Overview

Acute Effects of Progesterone on LH Pulses During the Follicular Phase (CRM006)

Status:
Terminated
Trial end date:
2015-07-31
Target enrollment:
0
Participant gender:
Female
Summary
The rapidity with which progesterone slows LH (and by inference GnRH) pulse frequency in women is unclear. The investigators hypothesize that progesterone slows LH pulse frequency within 10 hours. The investigators propose to assess this further with a randomized, cross-over, placebo-controlled study. Regularly cycling women without hyperandrogenism will be admitted to the Clinical Research Unit on cycle day 5-9 (mid-follicular phase) for a 10 hour frequent sampling study to observe LH, FSH, estradiol, progesterone, and testosterone. Either oral micronized progesterone suspension or placebo will be administered at 0900 h. During a subsequent menstrual cycle, subjects will undergo another study identical to the first except that oral progesterone will be exchanged for placebo or vice versa in accordance with a crossover design.
Phase:
Phase 1
Accepts Healthy Volunteers?
Accepts Healthy Volunteers
Details
Lead Sponsor:
University of Virginia
Collaborator:
Eunice Kennedy Shriver National Institute of Child Health and Human Development (NICHD)
Treatments:
Progesterone
Criteria
Inclusion Criteria:

- Subjects will be healthy women with regular menstrual cycles and no evidence of
hyperandrogenism.

- Subjects will be 18-30 years old; the investigators use a cutoff age of 30 years
because age-related alterations in the hypothalamic-pituitary-ovarian axis is uncommon
before age 30 years.

- Subjects will be willing to strictly avoid pregnancy (using non-hormonal methods)
during the time of study and must be willing and able to provide informed consent.

Exclusion Criteria:

- Pregnancy

- Lactation

- History of allergy to progesterone

- BMI < 18 kg/m2 or > 30 kg/m2 (underweight and obesity can affect
hypothalamic-pituitary-ovarian function)

- Excessive exercise, defined as routine and current engagement in either (a) moderate
exercise (e.g., brisk walking) exceeding 14 hours per week or (a) vigorous exercise
exceeding 7 hours a week.

- Clinical hyperandrogenism (primarily hirsutism)

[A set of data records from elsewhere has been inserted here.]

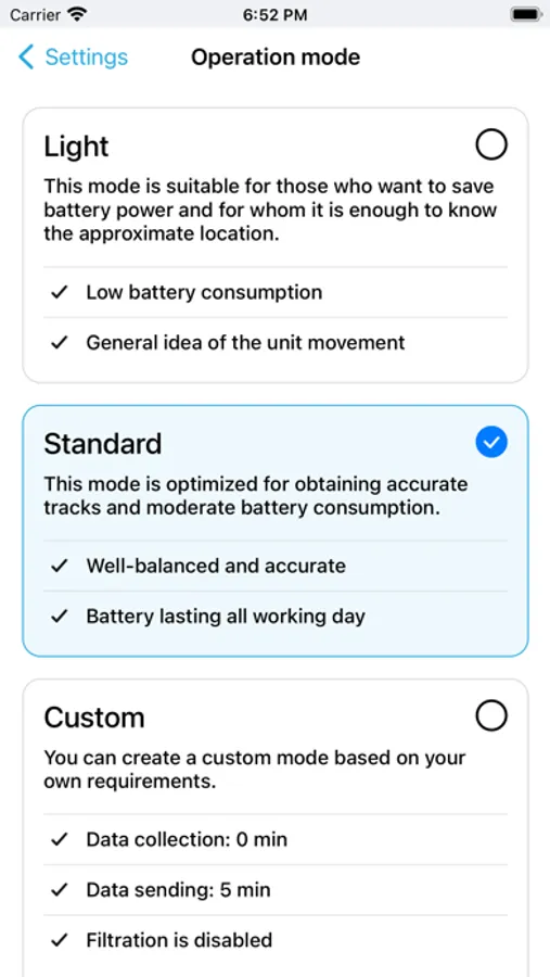 The application supports choosing a user mode from pre-set ones or creating your own with settings depending on the goals of monitoring. A wide range of settings available allows receiving accurate data while reducing traffic and battery consumption.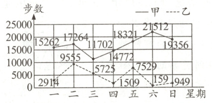 2. 新情境 知识科普 《中国居民膳食指南》建议主动身体活动最好每天6000步。下图是甲、乙两人某周的微信步数统计图,下列描述正确的是( )。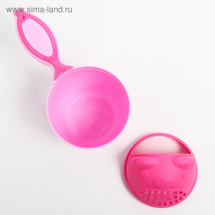 Ковш пластиковый для купания и мытья головы, детский банный ковшик «Мишка», 600 мл., с леечкой, цвет розовый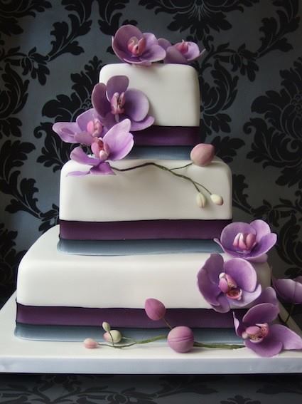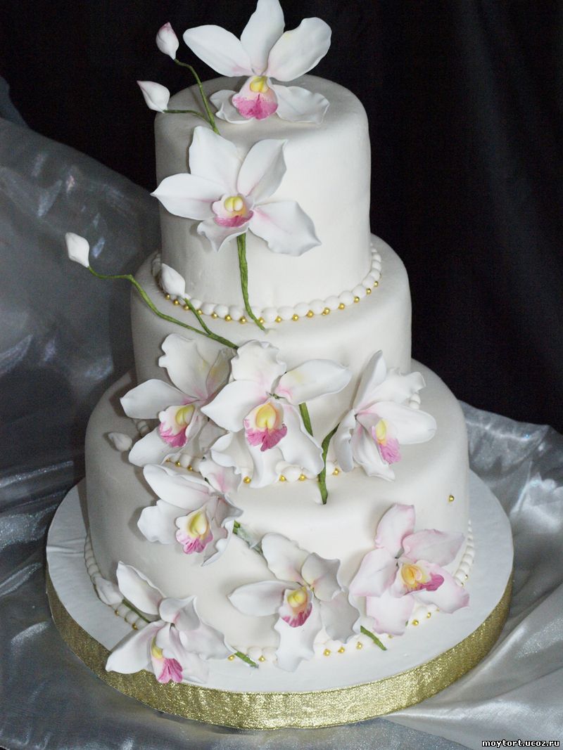 мне нравятся свадебные торты украшенные сьедобными цветами,как этот на пример  Свадебный торт, украшен съедобными орхидеями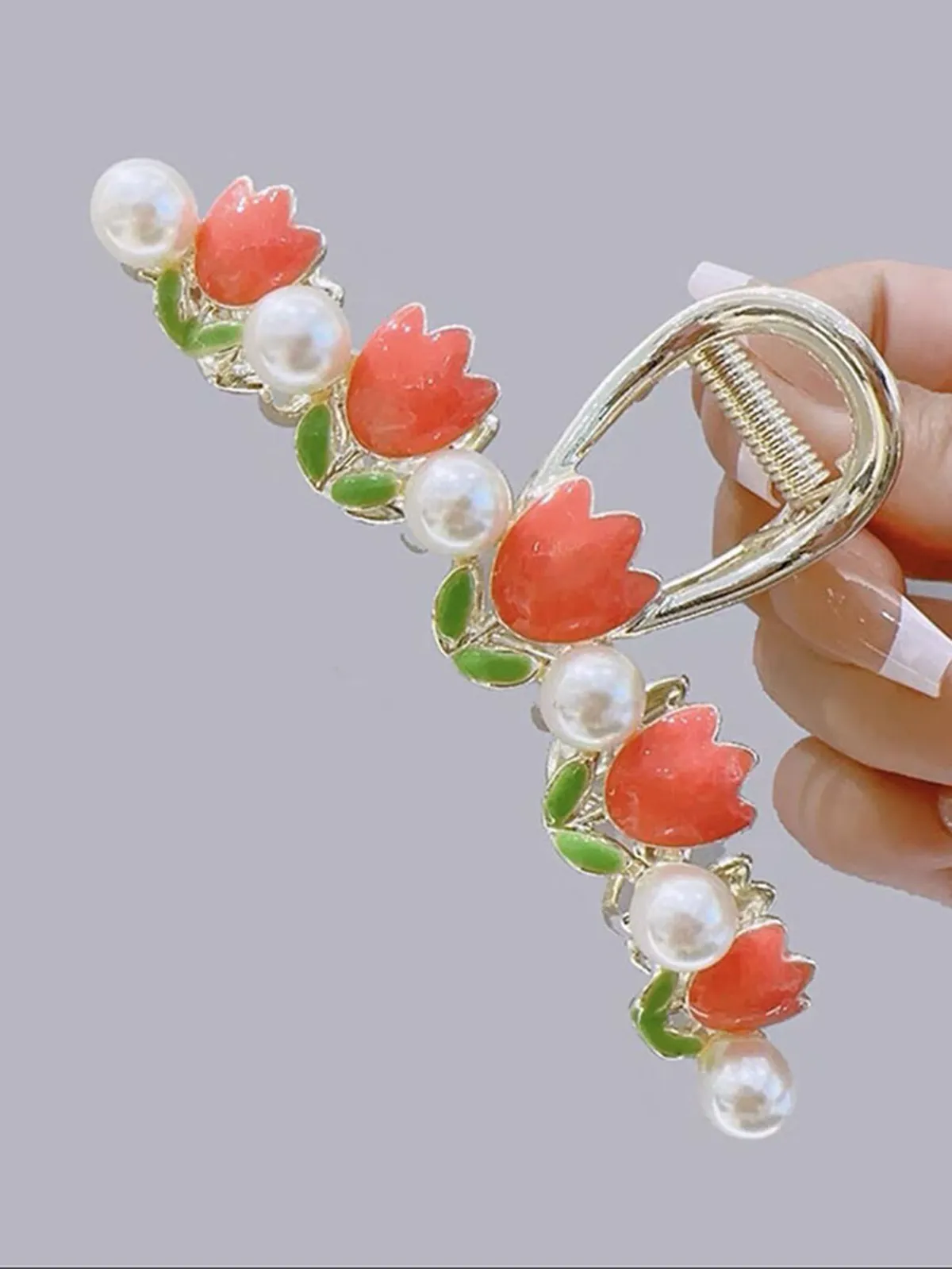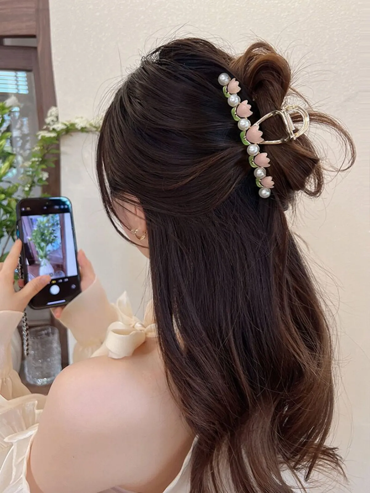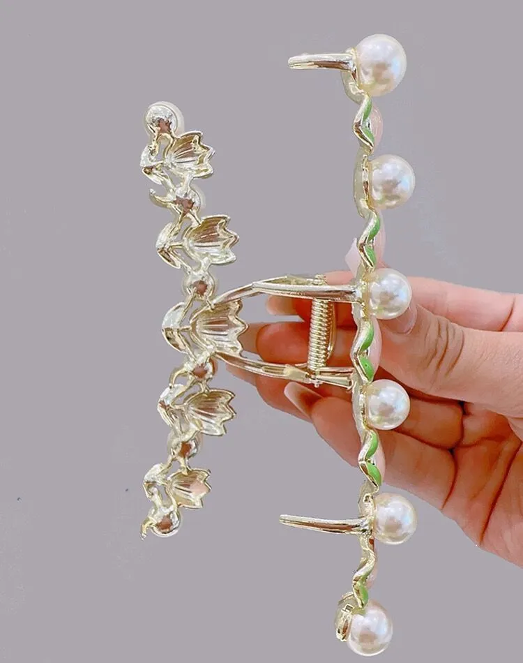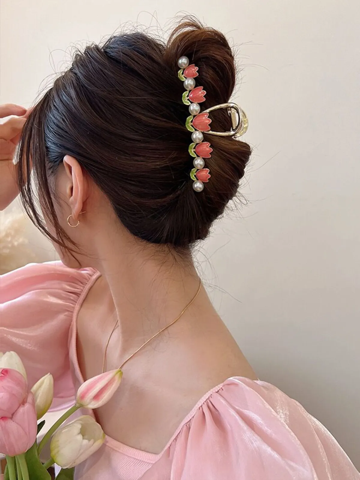 衣都精品- 2023新款超仙氣質珍珠鬱金香鯊魚夾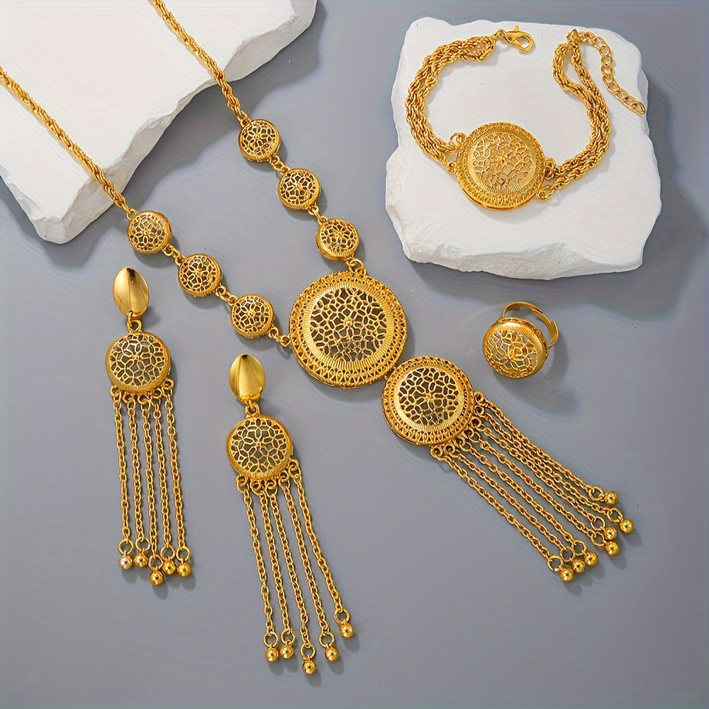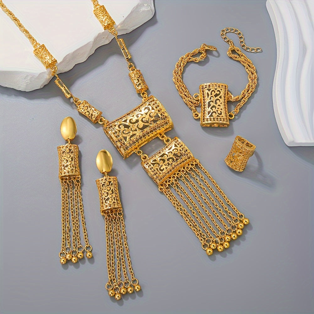 مجموعة مجوهرات نحاسية تتكون من خاتم وسوار مرصعة بالزركون اللامع بأناقة وفخامة للنساء هدية زفاف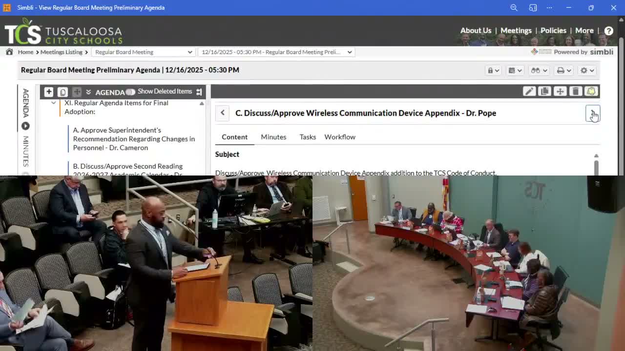 Tuscaloosa City Schools staff presented a proposed addition to the student code of conduct: a wireless communication device appendix intended to standardize consequences for first- through fourth-offense violations across secondary campuses.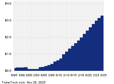 As a percentage of ITT’s recent stock price of $184.30, this dividend works out to approximately 0.19%, so look for shares of ITT Inc to trade 0.19% lower — all else being equal — when ITT shares open for trading on 12/1/25. Similarly, investors should look for LMT to open 0.76% lower in price and for NOC to open 0.41% lower, all else being equal.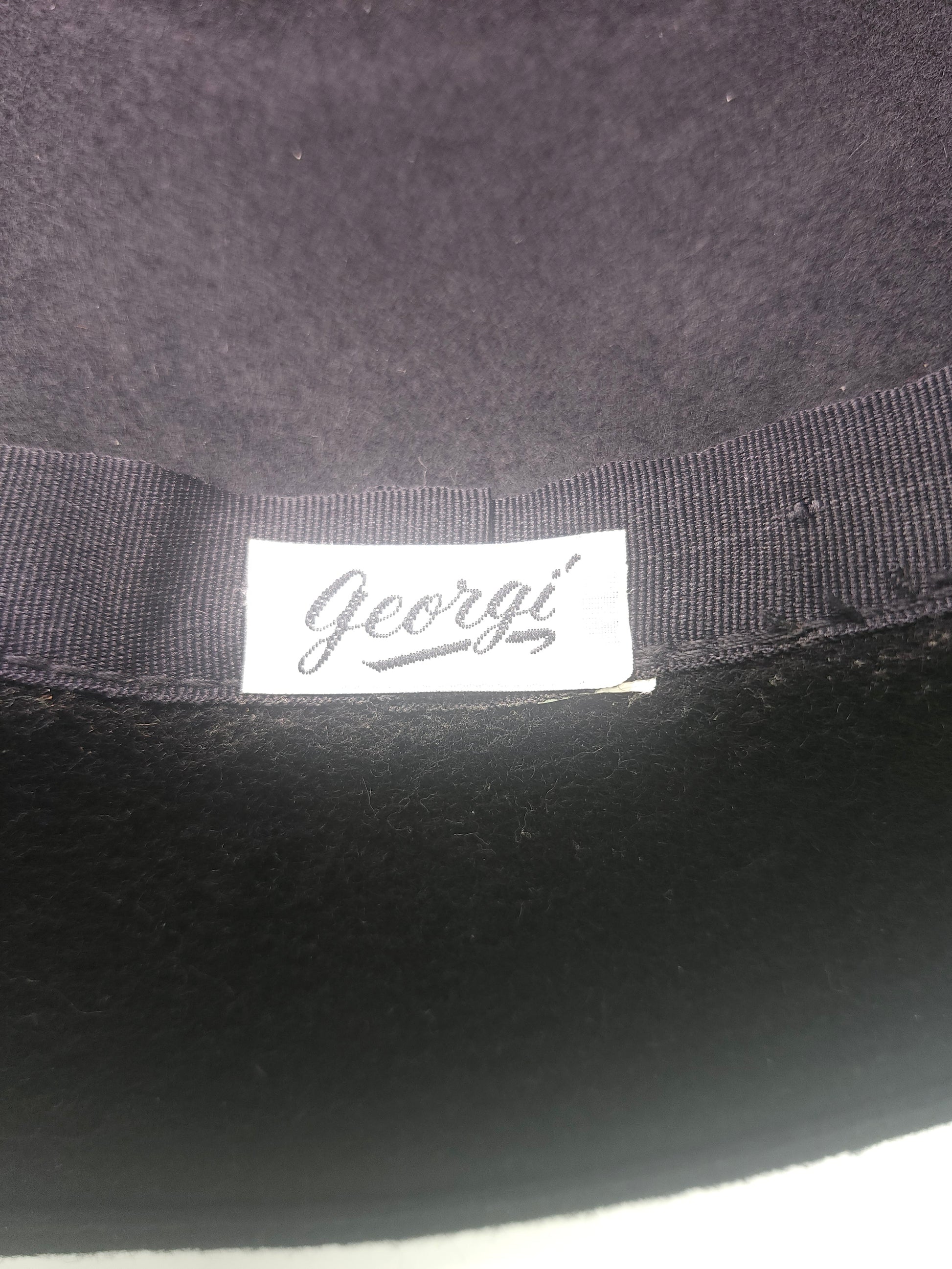 Vintage black wool wide brimmed hat with black satin sash with a large bow in the back center, and black netting draped around the front half of the hat, made by brand Georgi.

- Abnormally elevated free testosterone or DHEAS concentration

- A previous diagnosis of diabetes, a fasting glucose ≥ 126 mg/dl

- Abnormal TSH (subjects with adequately treated hypothyroidism, reflected by normal TSH
values, will not be excluded; or, for a new diagnosis of hypothyroidism, further study
will at the least be delayed pending appropriate treatment) (confirmed on repeat)

- Abnormal prolactin (confirmed on repeat)

- Evidence of Cushing's syndrome by history or physical exam

- History of venous thromboembolism, breast/ovarian/endometrial cancer

- The investigators will exclude women with any other cancer diagnosis and/or treatment
(with the exception of basal cell or squamous skin carcinoma) unless they have
remained clinically disease free (based on appropriate surveillance) for five years.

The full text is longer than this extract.